Several kids (9-10yr olds) at our son's school have 13" w/26 " wheels bikes. The bikes look really big but they don't seem to have an issue riding them though.


----------



## NYrr496 (Sep 10, 2008)

Last May, I sat my son on a 13 or 14" 26er at the LBS. The bike was way too big for him. 
I then built a 24" bike in July. It fit perfectly and now, it's starting to look small. I can tell already I'll be doing a 26er sooner than I thought.


----------



## JR11 (Sep 21, 2012)

50calray said:


> Several kids (9-10yr olds) at our son's school have 13" w/26 " wheels bikes. The bikes look really big but they don't seem to have an issue riding them though.

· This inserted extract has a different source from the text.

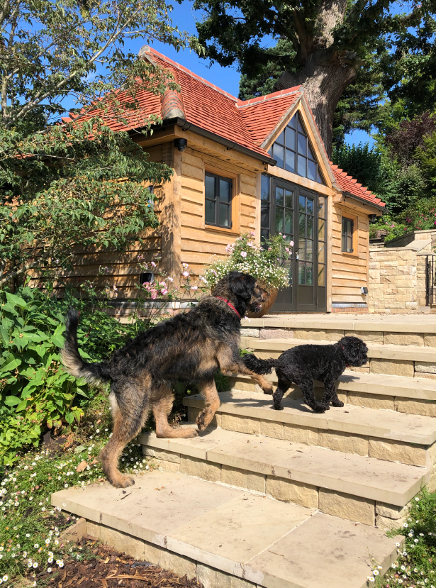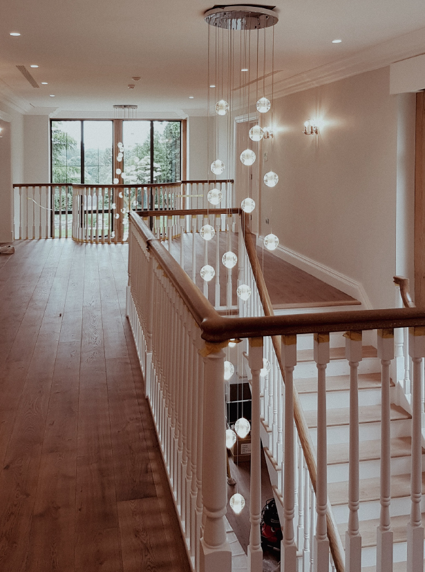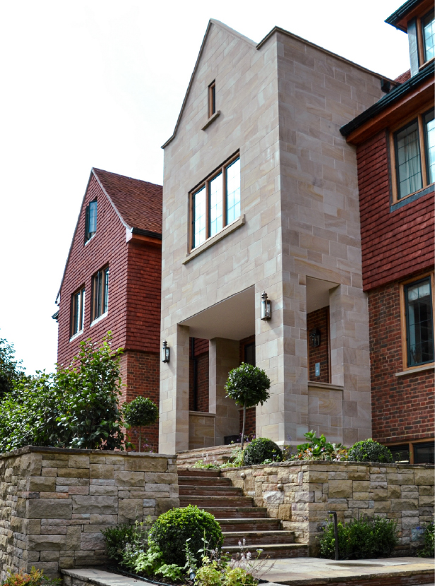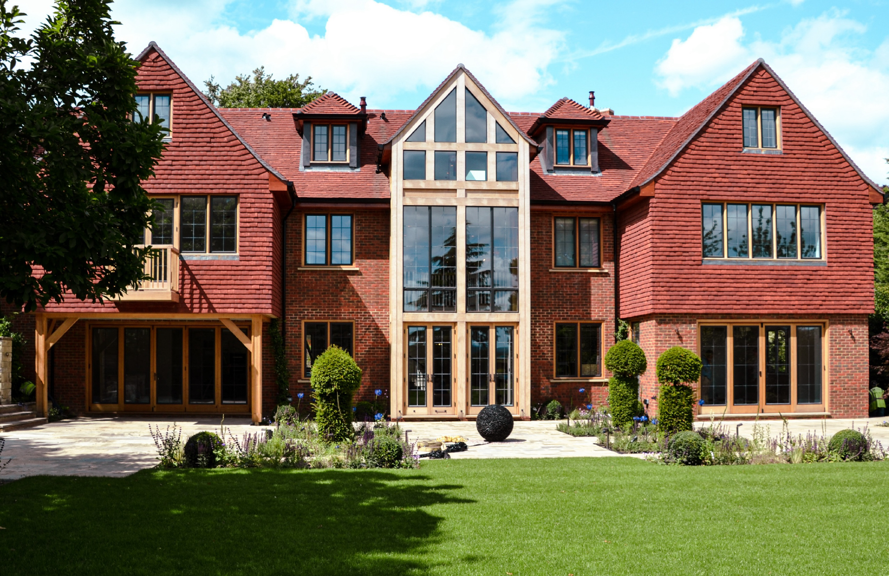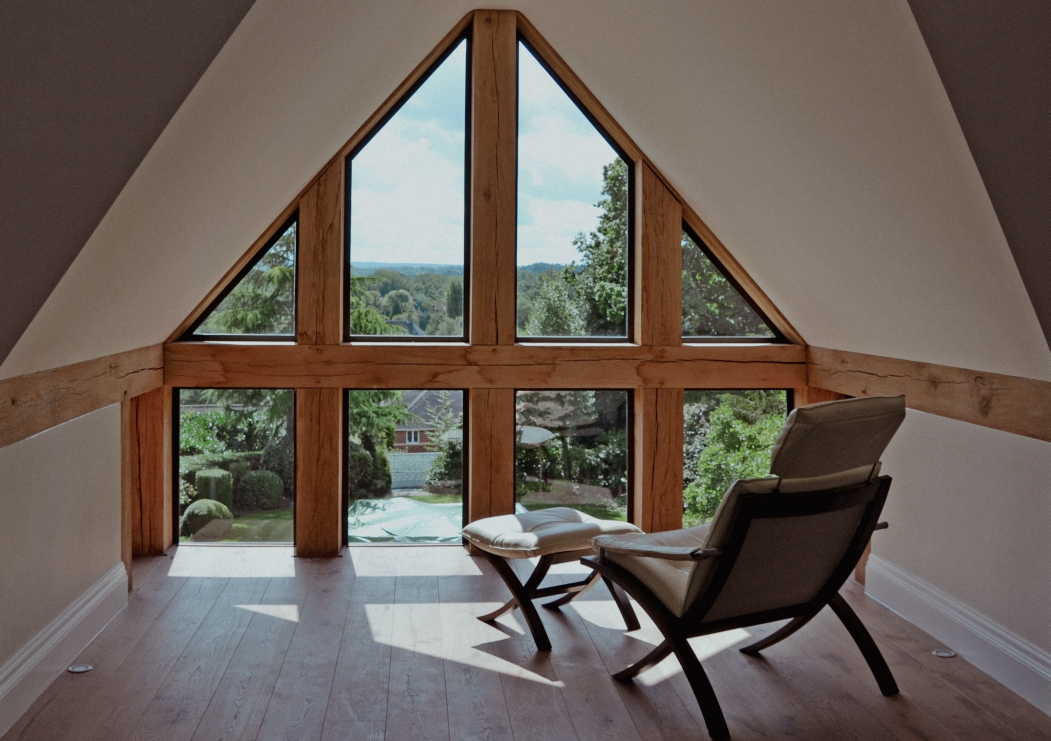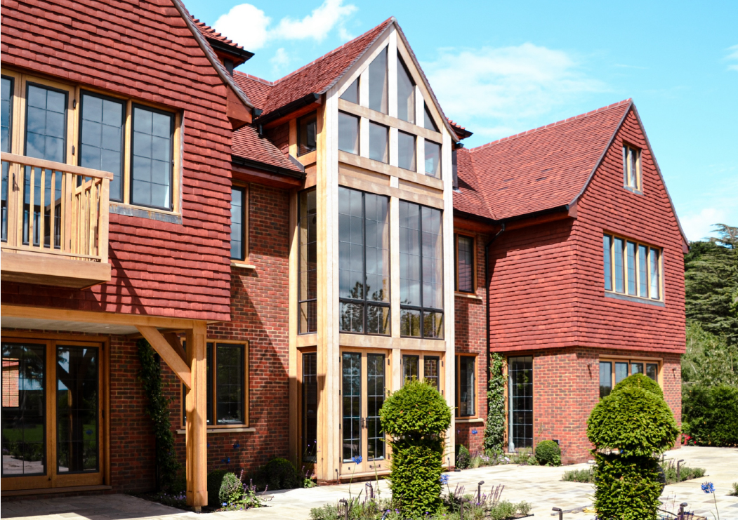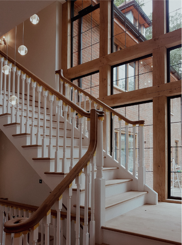 The stone entrance portico provides an appropriately grand entrance feature, while the three storey high green oak feature window on the rear elevation ensures that the hallway and staircase are flooded with natural light. The rest of the house has thermally broken metal casement windows in hardwood frames which look traditional but comply with current regulations.

I guess kids are real adaptable.

NY - I can imagine he's about to grow out of it. That's my thought as well. As soon as I get the 24" it will be time to move up..ha!


----------



## Aresab (Mar 27, 2007)

I agree with NYrr496 and I took another path and built a Sette 26er with 24" wheels. My little guy looked small on it at first, but man he can really handle the bike well even though it was big and now he can continue to grow on it. I have 26" wheels waiting. We wound up having enough to build a spare 24" (Rocky Mountain Reaper 24) that we use as a loaner and street bike for now.


----------



## ghglenn (Jan 26, 2012)

My son is a big (long legged) 7 y.o. and he rides a 13" 26er. Just barely had enough stand-over at the 
beginning of Summer, and now clears it by a full inch and a half!!!
He rides it really well, and even rides the thing through the skills park with ease. 
He looks like he's riding a 29er and can plow over root sections way easier than is Hot Rock 20"
It was a leap, but he would have outgrown a 24" within a year.


----------



## maleonardphi (May 19, 2006)

If you're going to convert it to disc brakes anyway, why not build up a 24" wheelset with disc hubs. That will lower the standover by about an inch. In a year or two, reuse the hubs and build up a 26" wheelset. Not sure it's worth the hassle, but if you know how to build wheels, it might be worth it.


----------



## JR11 (Sep 21, 2012)

ghglenn said:


> My son is a big (long legged) 7 y.o. and he rides a 13" 26er. Just barely had enough stand-over at the
> beginning of Summer, and now clears it by a full inch and a half!!!
> He rides it really well, and even rides the thing through the skills park with ease.
> He looks like he's riding a 29er and can plow over root sections way easier than is Hot Rock 20"
> It was a leap, but he would have outgrown a 24" within a year.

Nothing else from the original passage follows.